Things haven't been so good, lately. Well, moreso as of today. I did get a job offer at the ferry service today. I'm not sure if I said this before, but my parents aren't happy with me applying for the job. They're concerned that I will get seasick, and that the hours that I'll be working won't be practical. Which are valid concerns. But I'm moreso excited about the pay. It's several dollars above the New Zealand living wage, and I'll be working more hours, therefore getting more money. I may have to wake up early for some shifts though. Like, 3am early. I'm not allowed to drive a car by myself at that kind of time, and I sure as hell am not waking up my parents to drive me there. Public transport isn't available at that time either, so it's Uber for 6 days on. Fun.

I'm just disappointed that when I told my mum, she wasn't even remotely happy. I know she's voiced her opinion loud and clear, but still. At least pretend. I haven't even told my dad as a result. I don't know when I'm going to tell him.

In fact, I'm thinking about refusing this job. It's funny - I was complaining about how I was giving in to my parents' wants in my blogposts last year, and here I am doing the exact same thing. Some things never change. Maybe O's words about me will never change.

If I do refuse a job, I'm thinking about two options. One will make me happy, but make my parents disappointed yet again. It'll make me no money too since it's a volunteer role. The second will make me moderately happy, make my parents moderately satisfied, and make me some money.

The first is volunteering at a cat shelter. Yeah, my parents will make fun of me to high hell for this one. (I wish I still didn't crave their approval). I said in a previous blog post that I had cat fever, and I still do. I want to be around cats. I actually visited a uni friend's house and pet his two cats. (Ngl, that visit to his house could be a whole other blogpost for a variety of different reasons, but that will be TMI.) Because there's no way I'm allowed a pet cat myself, I think a better alternative would be to help cats get adopted out to their own forever homes. Plus, I'll be looking after tons of cats, so hell yeah!

The second is, well, just finding another job closer to home and with suitable work hours. It's a win for everyone and everything involved, but I don't think I'll be as happy doing whatever I will be doing. I'll be damn happy about the money, though. Fuck yeah.

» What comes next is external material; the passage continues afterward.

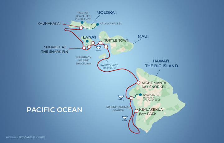Erleben Sie ein einzigartiges "Aloha" an Bord der Boutique-Yacht «Safari Explorer» auf dieser Reise zu vier hawaiianischen Inseln. Auf Ihrer Abenteuer-Kreuzfahrt erkunden Sie Molokai, Lana'i, Maui und Hawai'i, die Hauptinsel.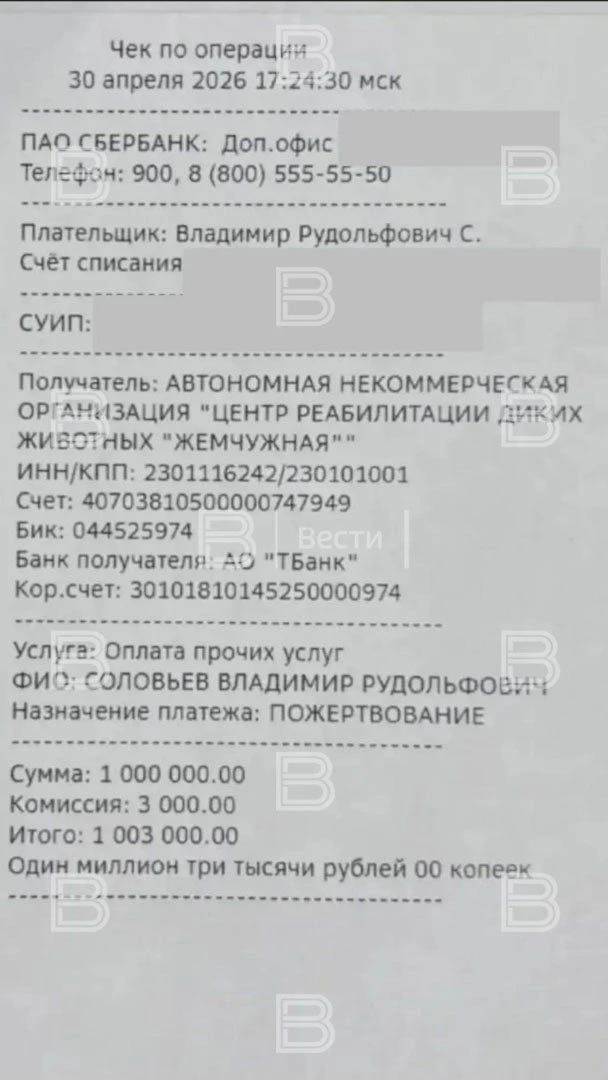 Владимир Соловьёв перевел 1 млн рублей на помощь животным в Туапсе, как обещал во время дебатов с Викторией Боней, сообщает ИС "Вести".

You can't win in life, I know. When you have a goal you want to work towards, a lot of things will get in your way. I know people will say here that it's all about the mindset, and I guess it is. The only obstacles are my parents' approval. I can't control that. If I want them to be happy, I'd have to make myself unhappy, and vice versa. My happiness is more important for me. The decisions I make shouldn't depend on whether or not my parents would be happy. Yet why is it still so hard? I'm 19 for fuck's sake. My ex and my uni friend have both told me that I'm over 18 and I can make my own decisions and whatnot but it's so fucking hard. Is it a white thing? To just turn 18 and automatically be hella independent? Fuck knows.

There have been events that have been totally embarassing and semi-amazing in the past few weeks, but those are TMI and stuff I'd like to keep to myself.